A small story.
Keyword monitoring of logs that are completed in one line, such as apache logs, can be achieved relatively easily. For example, the apache error log is complete with one line and is monitored by keywords such as [error] and [alert] [crit].
[Wed Oct 11 14:32:52 2000] [error] [client 127.0.0.1] client denied by server configuration: /export/home/live/ap/htdocs/test
When you get a stack trace in Java, it will be multiple lines. This should be monitored with the keyword ERROR.
2017-2-01 13:33:21 [main] ERROR Unexpected Error
java.lang.NumberFormatException: For input string: "1.1"
at java.lang.NumberFormatException.forInputString(Unknown Source)
at java.lang.Integer.parseInt(Unknown Source)
at java.lang.Integer.<init>(Unknown Source)
at ExceptionPrintDemo.formatInt(ExceptionPrintDemo.java:7)
at ExceptionPrintDemo.main(ExceptionPrintDemo.java:14)
However, when monitoring the log with the monitoring tool, only one line can be recognized, so the following stack trace cannot be notified by email. ** As a result of being notified by e-mail of the message "2017-2-01 13:33:21 [main] ERROR Unexpected Error", "Oh ..." and see the log every time on the production machine.
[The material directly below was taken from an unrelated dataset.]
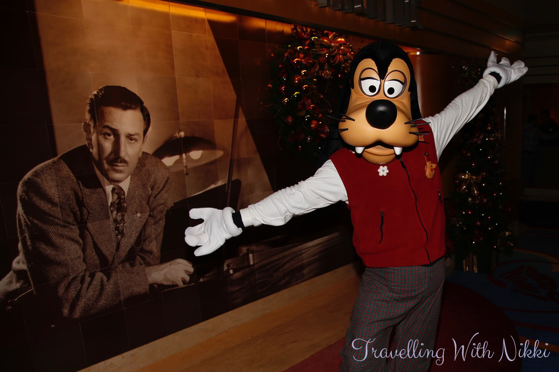 I loved meeting Minnie Mouse and her Christmas jumper was absolutely amazing. Just like a photo of her in her Alaskan costume a few years ago, it was a photo of Minnie in this outfit that had made me really want to book a Very Merrytime Cruise. After meeting Minnie, we walked to Preludes on Deck 4 where the line to meet Goofy was incredibly short so we only waited a few minutes. His Christmas outfit was adorable and I love that all my favourite character photos no matter where I am, are always with Goofy.

Did you go? ** **
In addition to **, you may want to monitor not only the keywords on the first line but also the keywords on the second and subsequent lines. ** ** Also, ** on older systems, I sometimes see dates on the first line, error codes on the second line, and error messages on the third line **, which makes keyword monitoring cry.
20170201 11:12:34
ERR001
○○ The code is invalid.
20170201 11:12:34
ERR002
Unable to connect to database
This time I tried to solve that area using fluentd. The monitoring tool uses mackerel, but I think it is the same for other monitoring tools.
Use fluentd to convert to a single line of json and monitor.
curl -L https://toolbelt.treasuredata.com/sh/install-redhat-td-agent2.sh | sh
/etc/td-agent/td-agent.conf
<source>
type tail
path /var/log/app/app.log
pos_file /var/log/td-agent/app/app-log.pos
tag app.log
multiline_flush_interval 10s
format multiline
format_firstline /\d{4}-\d{1,2}-\d{1,2}/
format1 /^(?<time>\d{4}-\d{1,2}-\d{1,2} \d{1,2}:\d{1,2}:\d{1,2}) \[(?<thread>.*)\](?<level>[^\s]+)(?<message>.*)/
</source>
<match app.log>
type file
path /var/log/td-agent/app/app.java.log
time_slice_wait 10m
</match>
Write a regular expression that represents one json break in format_firstline.
In format1, time, thread, and message are parsed with regular expressions.
Since it is * (?
multiline_flush_interval 10s
Every time a log flows, fluentd runs and analyzes it, but initially it is buffered in memory.
Then, after the analysis of the next log, the buffered one will be flushed. Flush this parameter every 10 seconds even if it is not extruded. It becomes the parameter.
The analyzed log is formatted as follows.
/var/log/td-agent/app/app.java.log
2017-02-01T13:33:21+09:00 app.log {"thread":"main","level":"ERROR","message":" Unexpected Error\njava.lang.NumberFormatException: For input string: \"1.1\"\n at java.lang.NumberFormatException.forInputString(Unknown Source)\n at java.lang.Integer.parseInt(Unknown Source)\n at java.lang.Integer.<init>(Unknown Source)\n at ExceptionPrintDemo.formatInt(ExceptionPrintDemo.java:7)\n at ExceptionPrintDemo.main(ExceptionPrintDemo.java:14)"}
[plugin.checks.app-log]
command = '''
check-log \
--file-pattern '/var/log/td-agent/app/app.java.log.*.log' \
--pattern '\"level\":\"ERROR\"' \
--return
'''
--return prints an error line and sends its contents to Mackerel
You should also monitor that there are two td-agent processes up.
[plugin.checks.process_td-agent]
command = "check-procs --pattern td-agent -C 2"
It's easy to forget to rotate td-agent.log. Let's set https://github.com/treasure-data/td-agent/blob/master/td-agent.logrotate
The contents of the stack trace are also output properly.
If you use fluentd like this time, it is easier to introduce and recommended. Isn't it very important in operational design whether or not such a small thing can be devised?